In August 2023 the cable including its terminations, land and subsea joints completed final electric testing at 735 kV, i.e. 40% above its nominal operating voltage.

A new 400kV supporting power line in Denmark to increase internal transmission capacity (and reduce overhead power lines from 324 km to 145 km) was delayed until late 2025.

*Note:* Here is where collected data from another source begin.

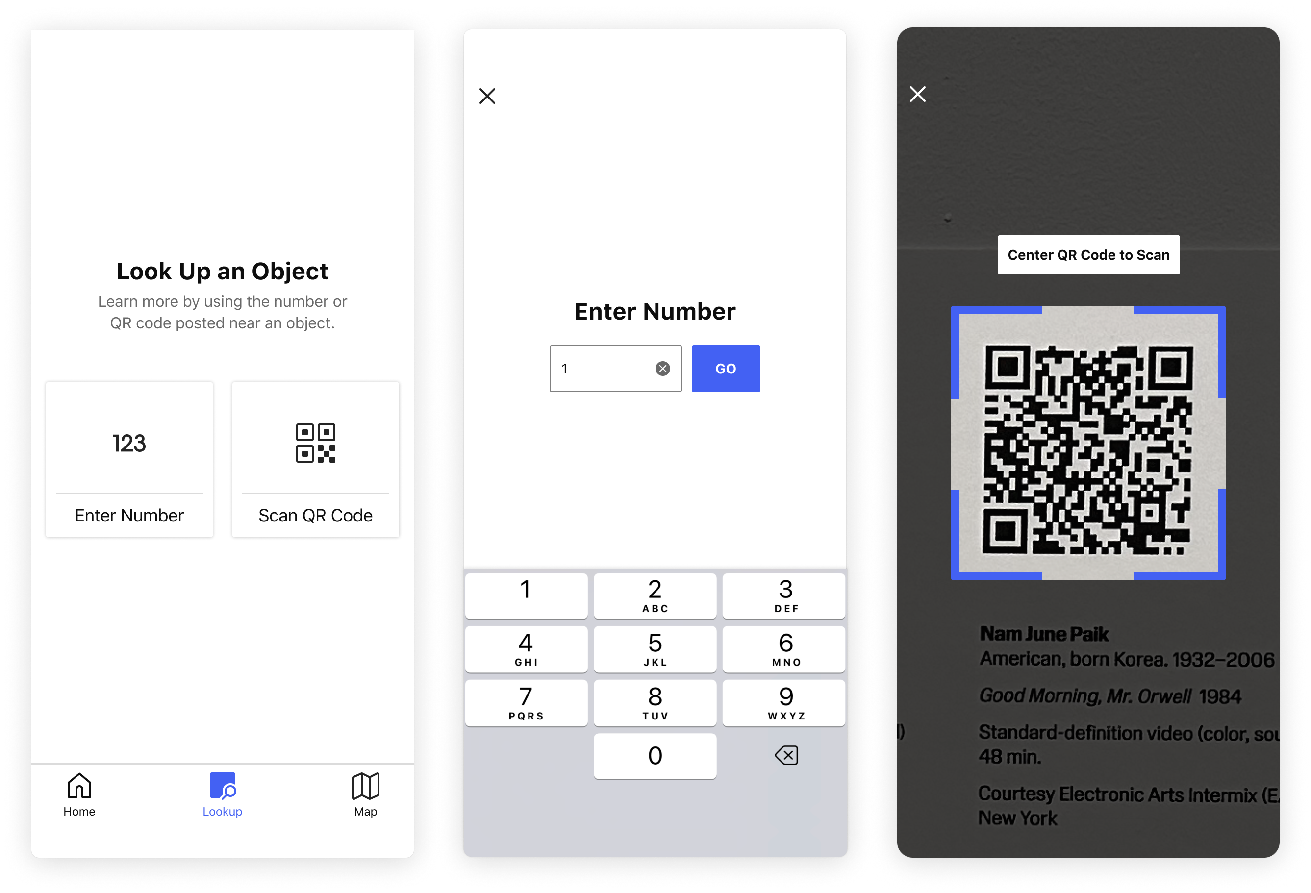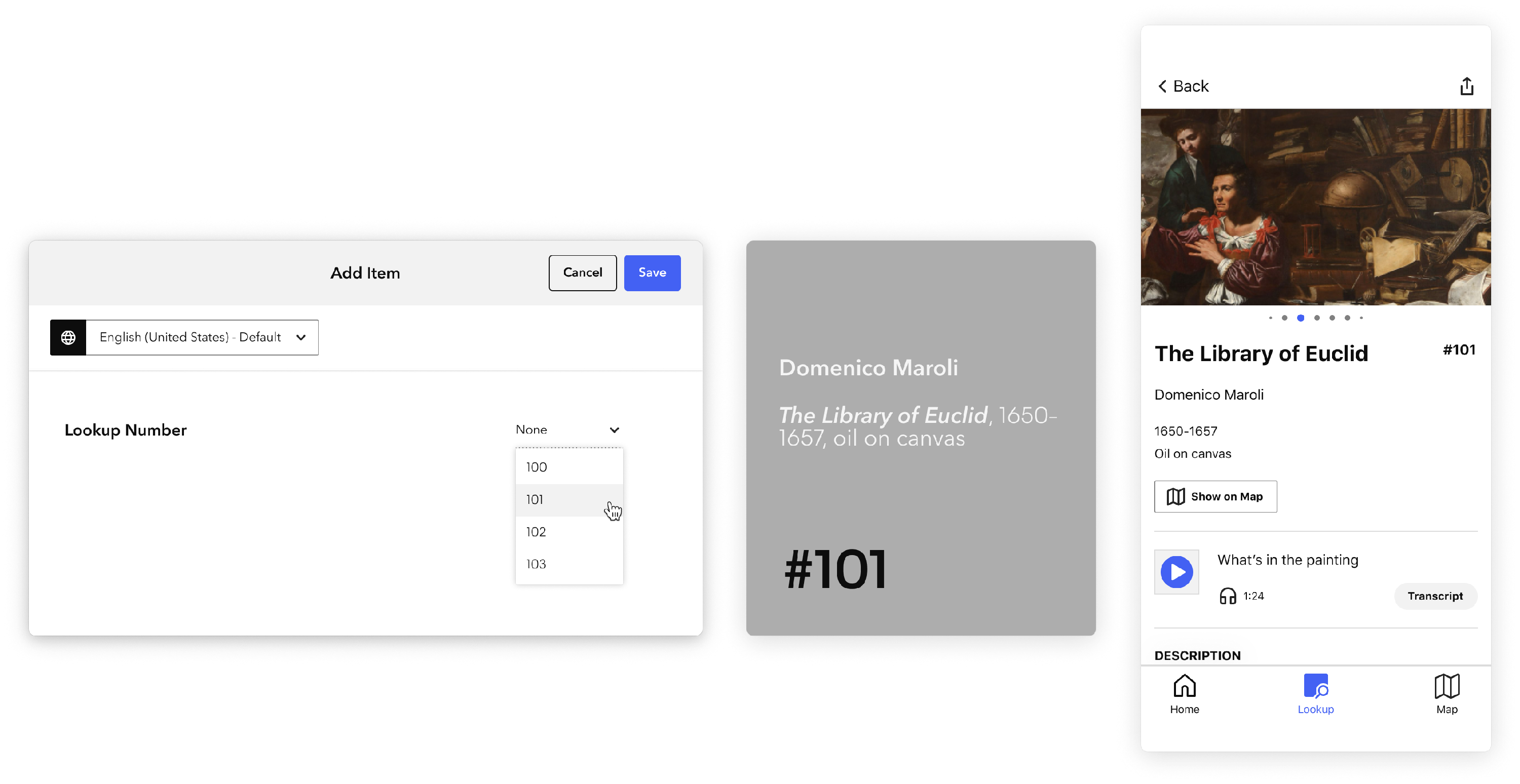 Lookup numbers and QR codes connect the physical and digital worlds. They help visitors make the connection between what they see in your physical space (e.g., a painting on your wall) and the content available in your guide (e.g., an Item that includes audio from the artist explaining their process).
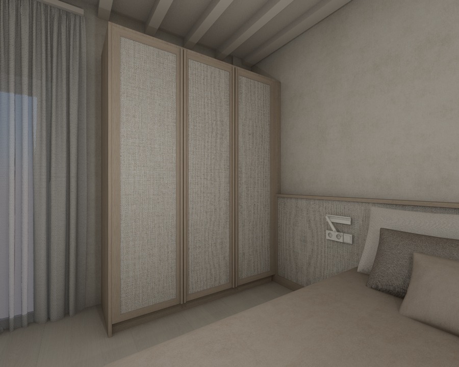 create a realistic and professional render of a bedroom with a calm and atmospheric mood the space is softly illuminated with daylight creating a gentle ambiance with the minimal shadows the lighting should feel balanced enhancing the realism of the materials the bed is dressed with linen sheets and a coverlet light in earthy tones the bedding palette includes broken white and beige linen fabrics while the coverlet is a beige linen tone adding subtle depth and contrast the fabrics look high quality refined and luxurious ultra realistic render high resolution professional interior design photography style keep the design exactly as it is the walls has a light beige tone like cemento effect light texture
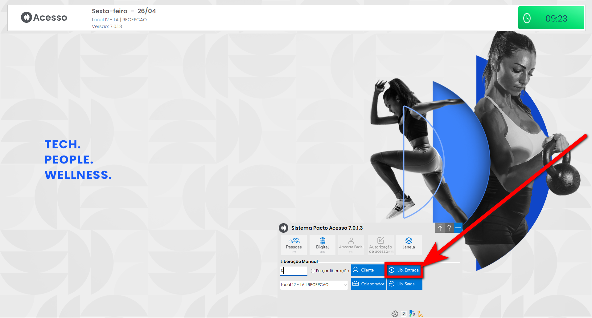 2. Será aberto um pop-up, clique na opção "Lib. Entrada";
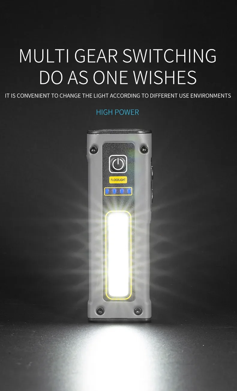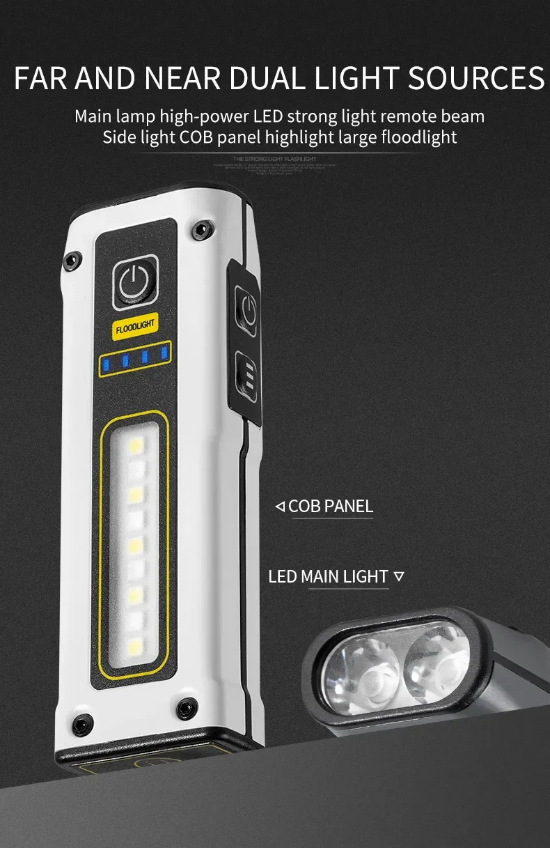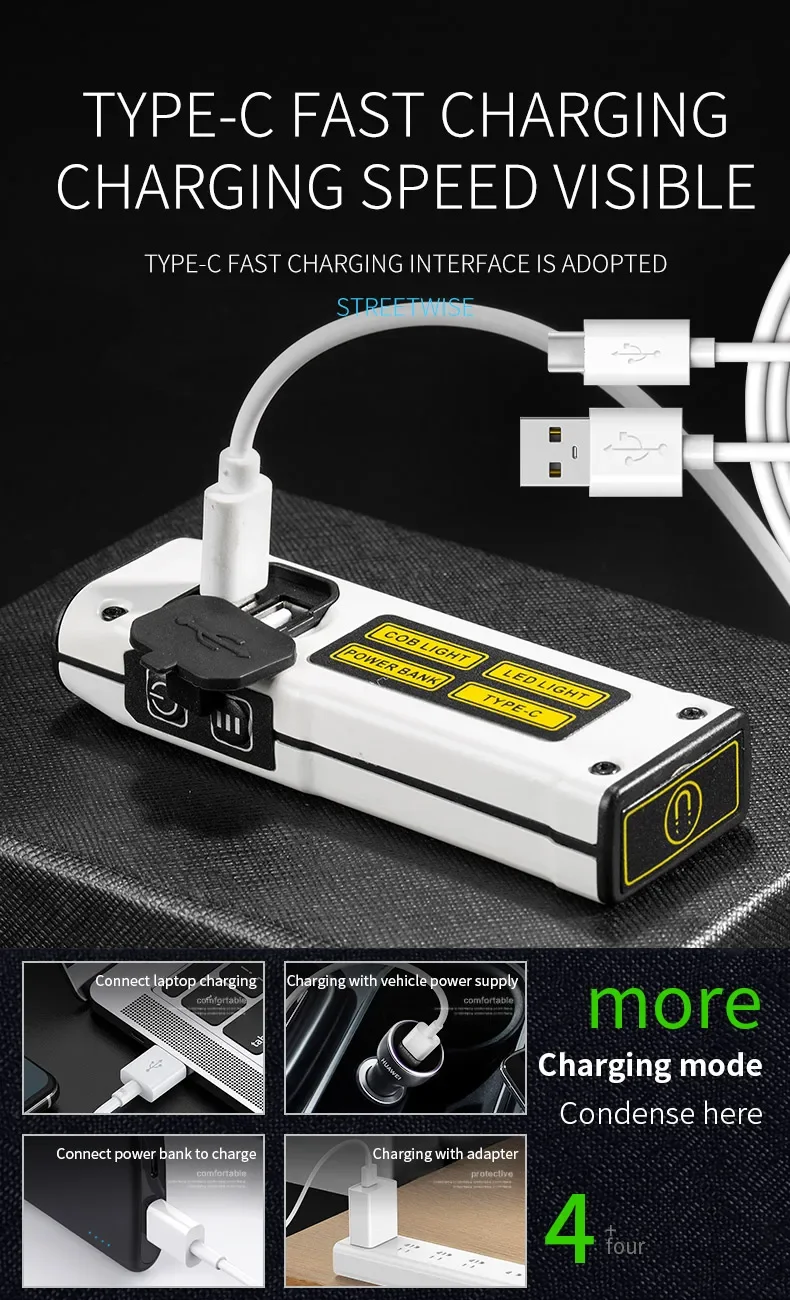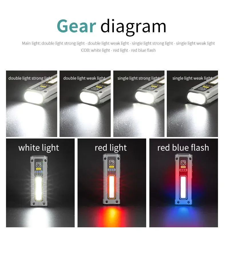 This is a dual light strong flashlight, remind mini, carry around suitable for a variety of occasions. With a variety of functions, such as tail has strong magnetic adsorption function, Type-c fast charging and power bank function, mobile phone can be charged
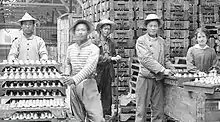 The Chinese Labour Corps comprised Chinese men who came mostly from Shandong,[10] and to a lesser extent from Liaoning, Jilin, Jiangsu, Hubei, Hunan, Anhui and Gansu provinces.[9] Most travelled to Europe via the Pacific and by Canada.[1] The tens of thousands of volunteers were driven by the poverty of the region and China's political uncertainties, and also lured by the generosity of the wages offered by the British. Each volunteer received an embarkment fee of 20 yuan, followed by 10 yuan a month to be paid over to his family in China.[2]
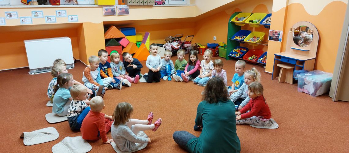 Dne 23.10. 2023 nás mile překvapila svou návštěvou paní knihovnice Marika z třinecké knihovny. Připravila si pro děti povídání o medvědovi, který nechtěl jít v zimě spát.
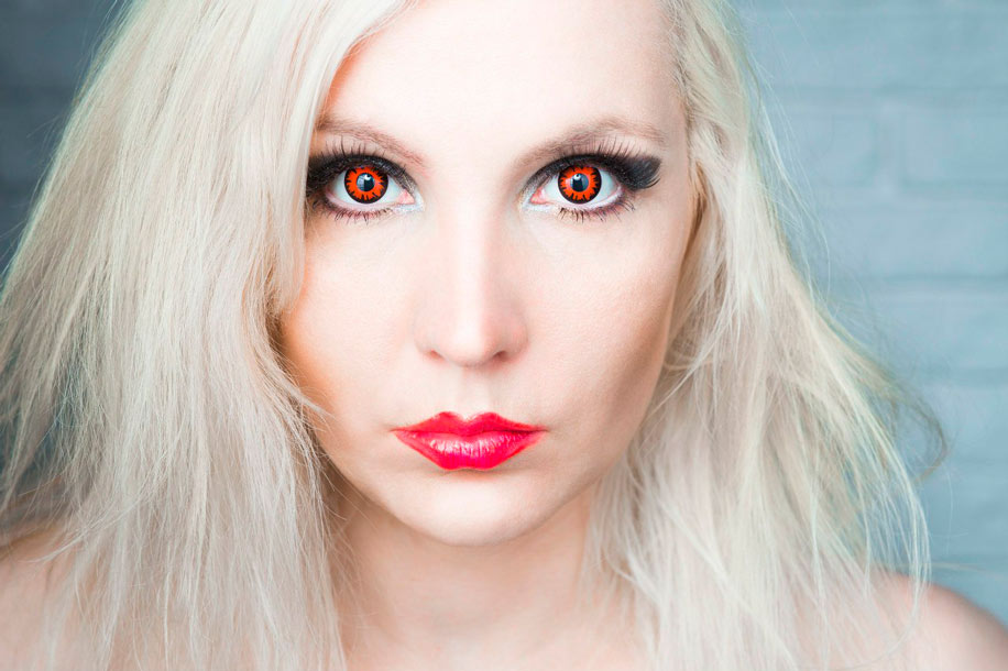 - Карнавальные линзы используют при создании эпатажных образов: для косплея и карнавалов, креативных фотосессий, посещения дискотеки. Модели такого типа выпускаются в ярких цветах — розовом, желтом, синем, белом и т.д., а на область радужки у них часто нанесен необычный принт. Это может быть изображение звезды, пламени, глаза животного и пр. В данной категории оптическую силу до – 10D имеют только Adria Neon от Interojo. Они к тому же могут светиться в темноте при попадании на них лучей ультрафиолета. Эти линзы называются еще клубными, так как молодежь использует их для походов на дискотеки. Все остальные crazy-линзы выпускаются без диоптрий и предназначены исключительно для создания визуального эффекта.
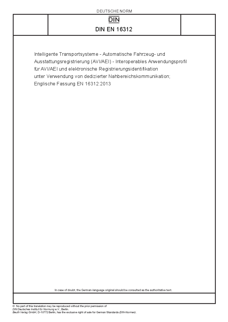 Intelligente Transportsysteme - Automatische Fahrzeug- und Ausstattungsregistrierung (AVI/AEI) - Interoperables Anwendungsprofil für AVI/AEI und elektronische Registrierungsidentifikation unter Verwendung von dedizierter Nahbereichskommunikation; Englische Fassung EN 16312:2013
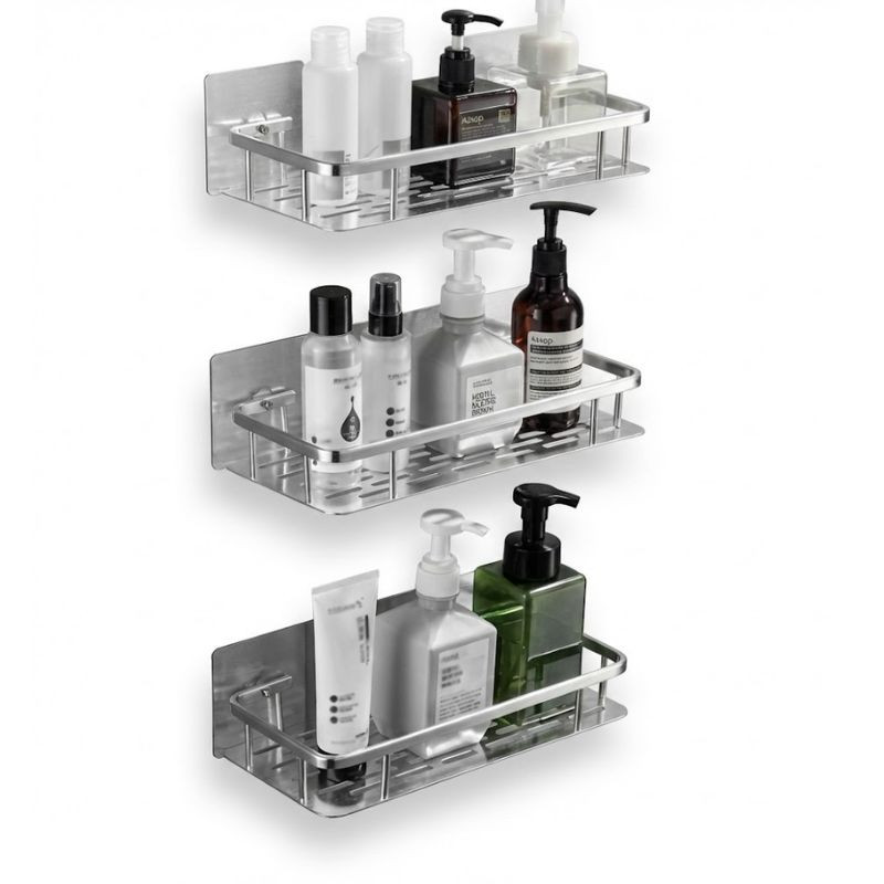 Táto sada pozostávajúca z 3 samostatných políc ponúka elegantné a praktické riešenie na usporiadanie kúpeľňových doplnkov. Čistý, strieborný povrch z hliníka dodáva miestnosti moderný vzhľad a zároveň pomáha pri prehľadnom ukladaní kozmetiky, šampónov a sprchových gélov.
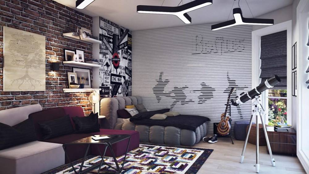Это идеальное решение для поклонников спорта, авто и мото, а также ценителей брутальности. Для такой комнаты характерно преобладание коричневого в сочетании с кремовым, бежевым оттенком. Стены отделываются кирпичом или обоями, рисунок которых имитирует каменную кладку. В интерьер прекрасно впишется однотонная мягкая мебель и современная техника. Уместно будут смотреться светлые занавески, темные покрывала. Используемые материалы для напольного покрытия – ламинат, плитка, ковролин.
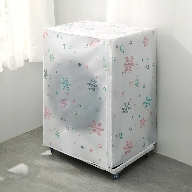 Schutzhülle für die Waschmaschine 62 x 55 x 86 cm Bunte Schneeflocken Weiß-transparente Hülle mit Reißverschluss für Frontlader
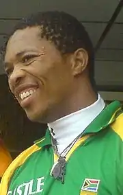 Makhaya Ntini OIS (born 6 July 1977) is a South African former professional cricketer, who played all forms of the game. He was the first black player to play for the South African national cricket team.[1] Ntini was a member of the South Africa team that won the 1998 ICC KnockOut Trophy, the only ICC trophy the country has won to date.
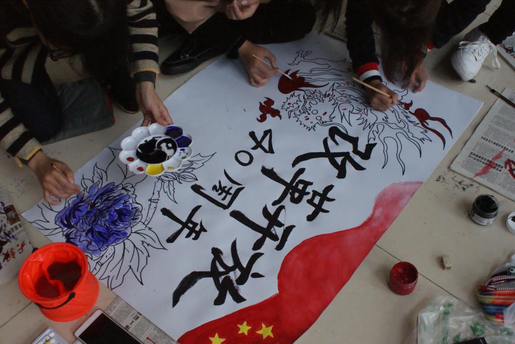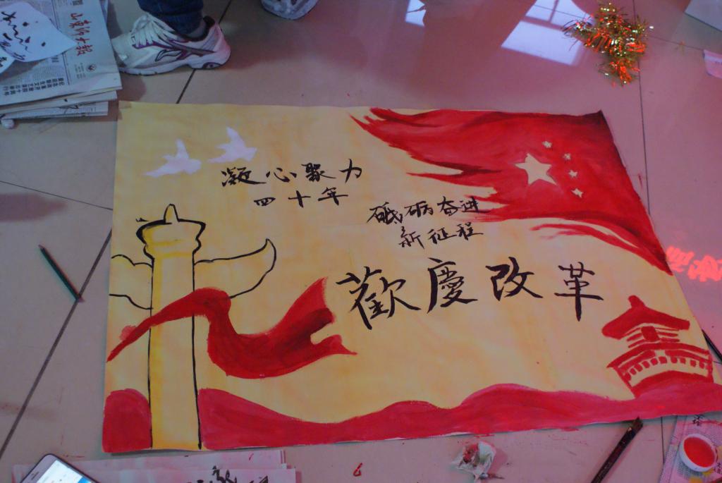 本次活动以小组赛的形式进行开展,选手们围绕“庆祝改革开放四十周年”的主题进行现场作画写字。大赛一开始,参赛选手们便斗志昂扬,纷纷大展身手,比赛现场气氛热烈。选手们娴熟运用毛笔、彩铅等工具,有的描绘出和平鸽展翅高飞的图景,有的刻画出牡丹花国色天香的美好,还有的表现出复兴号驰骋万里的宏伟,都充分展示了现代中国的繁荣与昌盛。其中,地理类1804班代表队以邓小平同志为主体,以天安门为背景,描绘出一对穿红衣的男女放飞和平鸽的温馨场景,既表达了对邓小平同志的敬仰,又展露着对和平的希望。活动逐渐接近尾声,在大家的认真努力与团结协作下,一幅幅作品成功跃然于纸上。

Commissioning of the subsea cable started during November and December 2023 and commercial operation commenced on 29 December 2023. However, capacity was limited to 800 MW until the associated grid is completed in Denmark around 2025. From 14 January 2024 the Danish transmission system operator Energinet implemented changes that allow Viking Link to transmit at its full capacity under certain circumstances. As such, from 15 to 19 January where the Dutch-Danish COBRAcable was undergoing maintenance, Viking Link was able to transmit at its full capacity. In February 2024 the cable suffered an outage after a minor fire in a switching station in Revsing, Denmark.

From its commencement of commercial operation on 29 December 2023 until the end of Q1 2024 Viking Link transmitted 1733 GWh, for a capacity factor of 55%. The transmission was from Denmark to the UK 80% of the time.

==Economic impact==
The cable will increase the UK's electricity interconnection level (transmission capacity relative to production capacity) from its comparatively low rate of 6% in 2014.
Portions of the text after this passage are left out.